In 1914, the name of the church was changed to Calvary Reformed, as the membership wanted it known that English was also spoken in the services, feeling that the classification of "Dutch" prevented others from becoming interested. In 1918 the morning service was likewise changed to English. However, the changing neighborhood and the exodus of members to the suburbs, while depriving the mother church of some of its members, created 3 new churches: Riverside Reformed, Brooklyn Reformed, and Parkview Reformed. By 1954 it was evident that the increasingly mobile neighborhood needed a community church. It was at this point that Calvary Reformed became a place for exposure and training for young missionaries from all over the U.S.

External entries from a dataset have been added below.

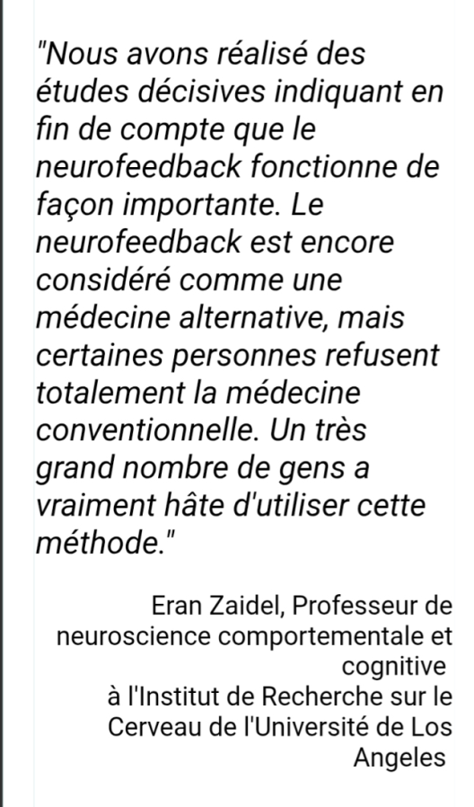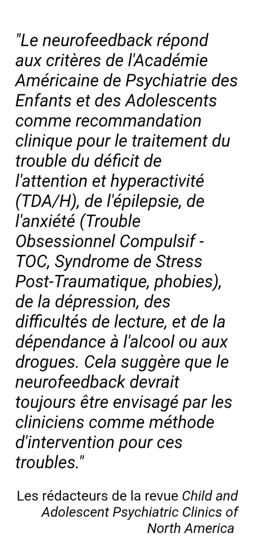 Je suis ravie des bienfaits du neurofeedback dynamic pour mon fils de 8 ans qui, après seulement quelques séances, se concentre davantage. Nous constatons effectivement de belles évolutions sur sa concentration et des progrès scolaires chaque semaine.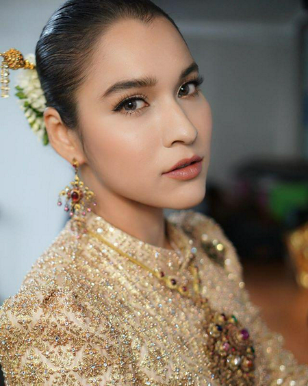 มาในลุคชุดไทย เลือกแต่งตาด้วยโทนสีน้ำตาลทองอ่อน ๆ กรีดอายไลเนอร์เส้นคม ติดขนตาให้ดูยาว แล้วทาลิปสติกโทนสีชมพูนู้ด เป็นธรรมชาติ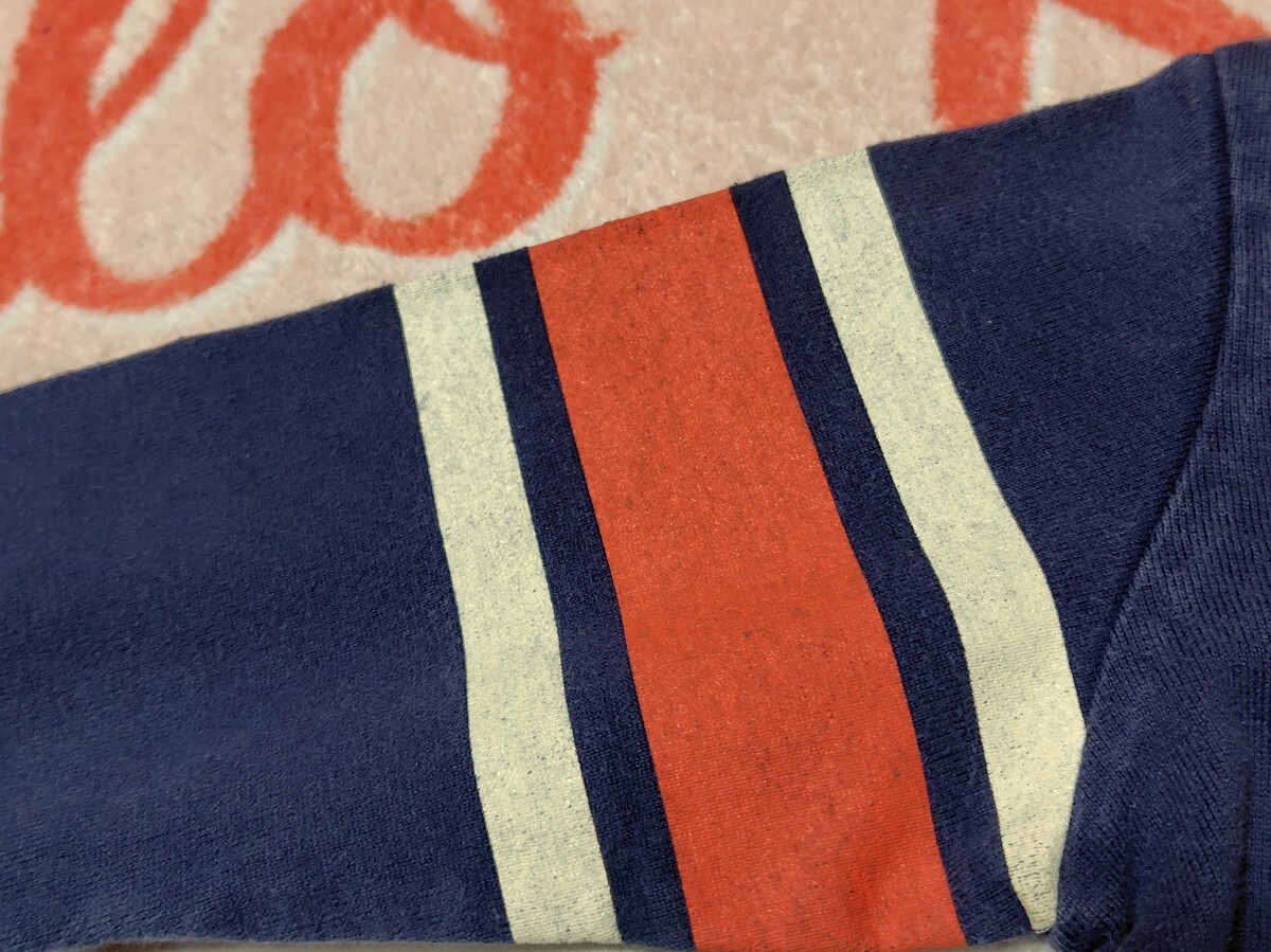 着用品になります。着用感ありますが、目立つシミ汚れ見当たりません。洗濯タグに記名を消した跡あり。状態の感じ方には個人差がありますので神経質な方は入札禁止。気になさらない方今の季節日中のお着替えに。

In 1969 the church burned down, and for the next 9 months Calvary attempted a triple-service relationship with Bethany Presbyterian and St. Luke's Episcopal. In 1972 a new building was dedicated. A variety of new programs were instituted in response to community needs: a food co-op, a music school, a preschool, nutrition programs, Cub Scouts, and a youth club. In 1980 Pastor Mike Weber was installed, and the ministry of the church came to a realization that it was a "community" church for a neighborhood that was ethnically diverse. In 1990 the church celebrated its 100th anniversary, as Calvary continued to expand its community-service programs with the addition of Alcoholics Anonymous counseling and school tutoring. In 1995, the congregation had 65 members.

History of Calvary Reformed Church (1995), WRHS.